The same algorithm is used in everything from computer science sorting to finding solutions in engineering problems. It's one of the most fundamental optimization techniques.
Normal distribution (also called Gaussian distribution) is a statistical pattern where most outcomes cluster around the average, with fewer extreme results on either side. It creates the classic "bell curve" shape.
In Poker Terms:
If your win rate is 5 BB/100 with 100 BB/100 standard deviation:
- ~68% of sessions fall within ±100 BB of your expectation
- ~95% of sessions fall within ±200 BB
- ~99.7% of sessions fall within ±300 BB
- Extreme outliers (massive heaters or brutal coolers) are rare but possible
Does poker actually follow normal distribution? Mostly yes, especially over large sample sizes. The Central Limit Theorem states that when you average many independent random events (poker hands), the results naturally form a normal distribution—even if individual hands don't.
⚠️ Important Limitation
Poker has "fat tails" — extreme outcomes happen slightly more often than pure normal distribution predicts. This is why we:
- Include catastrophic collision modeling (set-over-set, AA vs KK)
- Use conservative Risk of Ruin targets (1-5% recommended)
- Suggest recalculating every 100-200 hours as conditions change
While normal distribution isn't perfect for poker, it's the best practical model for variance over thousands of hands. Our additional catastrophic loss modeling accounts for the extreme events that fall outside normal distribution.

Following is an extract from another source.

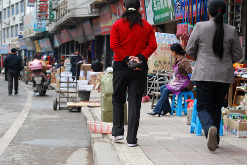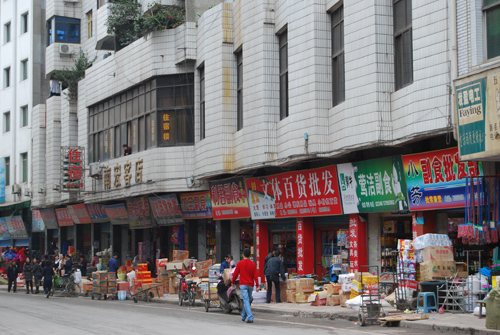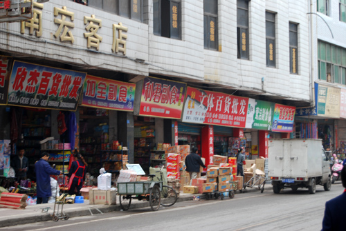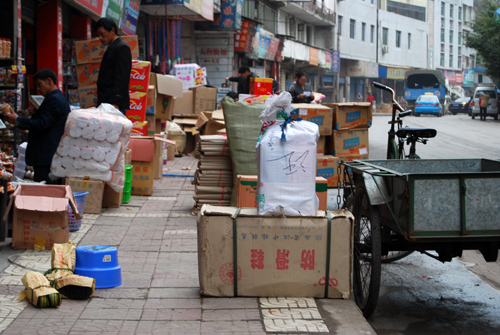 出现这种情况地方大多是些农贸市场,或者是批发市场,由于货物太多,铺面面积小,商户没有办法就只有摆在街上卖。但我认为,这不是理由,这样既影响城市的美观,又给行人造成不便。

Short answer: Monte Carlo simulations use randomness, so results can vary slightly (typically ±0.5%) between runs. This is normal and expected.
Detailed explanation:
Our calculators use Monte Carlo simulation—a method that runs thousands of random poker session simulations to estimate your risk of ruin. Each time you calculate:
- We simulate 750 random "poker careers" (25,000 hands each)

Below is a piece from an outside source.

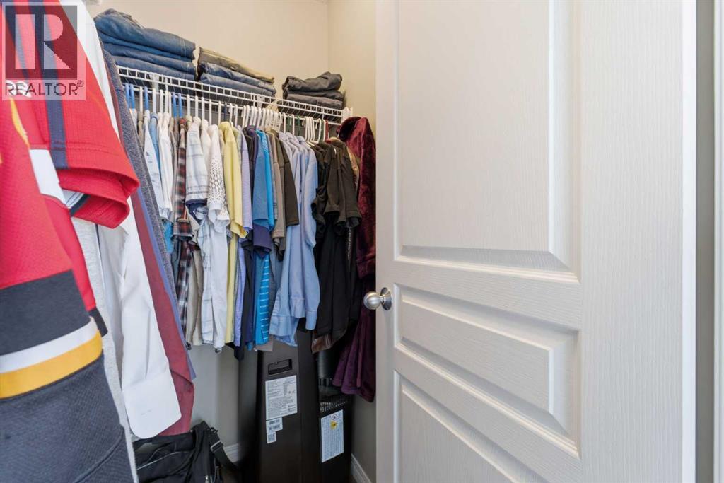 Welcome to this Stunning End Unit, multi-level open-concept townhome located on a quiet, cul de sac location. This meticulously maintained home boasts bright interiors with soaring 12-foot ceilings and an abundance of natural light streaming through floor-to-ceiling windows. Upstairs, you'll find two master bedrooms, each with a full en-suite and walk-in closet. The heart of this home is its spacious and beautifully appointed white kitchen, featuring tile flooring, ceiling-height upper cabinets, a raised eating bar, pantry, and coffee bar area. The open-concept dining room has an updated ceiling fan light, it overlooks into the living area, creating an inviting space for entertaining. Additionally, there's a convenient half bath on the main floor. Step outside to your private fenced patio, perfect for enjoying summer evening barbecues. The lower level offers a generous storage/laundry area and access to the double attached garage. Located just minutes away from shopping, transit, hospitals, schools, and with easy access to Deerfoot and Stoney Trails, this home combines convenience with comfort. Plus, enjoy the added benefit of low condo fees covering yard maintenance, snow removal, and annual window cleaning. Recent upgrades include Zebra window coverings throughout and a newer washer and dryer, new fridge in the kitchen and second fridge in basement new hot water tank, upgraded lighting throughout. Book your viewing today! (id:58070)

- Each career has different outcomes due to randomness (variance, coolers, etc.)
- We count how many careers go broke to calculate your RoR percentage
Because we use randomness, results vary slightly between calculations—just like if you played 750 real poker careers, each would have different outcomes.
Example:
- Run 1: 5.2% RoR
- Run 2: 4.8% RoR
- Run 3: 5.1% RoR
All three results are statistically equivalent. We're estimating the "true" RoR of ~5%.
Our tolerance:
We accept results within ±0.5% of the target. So if you're targeting 5% RoR:
- Anywhere from 4.5% to 5.5% is considered "converged"

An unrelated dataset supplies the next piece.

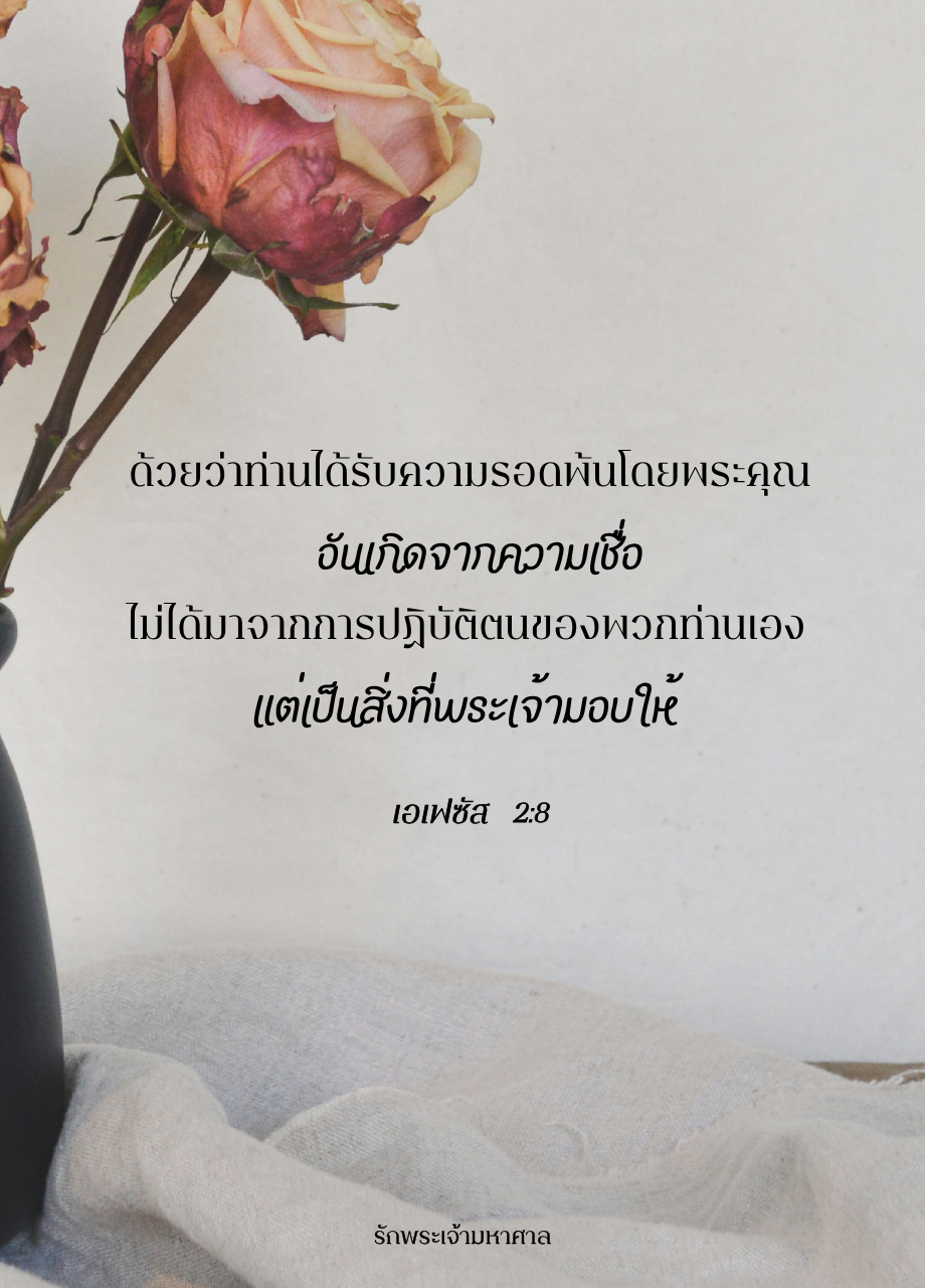 อธิษฐาน พระเยซู ขอบพระคุณพระองค์ที่ความรอดนั้นมาจากพระคุณโดยทางความเชื่อ และข้าพระองค์ไม่จำเป็นต้องใช้ชีวิตในการแสวงหาเพื่อให้ได้มาซึ่งความโปรดปรานและการยอมรับจากพระองค์ อาเมน

- This provides fast calculations while maintaining accuracy
Why not make it exact?
We could run 10,000+ simulations for more precision, but:
- Calculations would take 10x longer (30+ seconds instead of 3 seconds)
- The practical difference is negligible (4.8% vs 5.2% RoR doesn't meaningfully change your bankroll strategy)
- Poker variance is already larger (your actual win rate and SD have more uncertainty than ±0.5%)
Bottom line: Small variations between calculations are normal. Focus on the overall magnitude (is it 2%? 5%? 10%?) rather than exact decimals.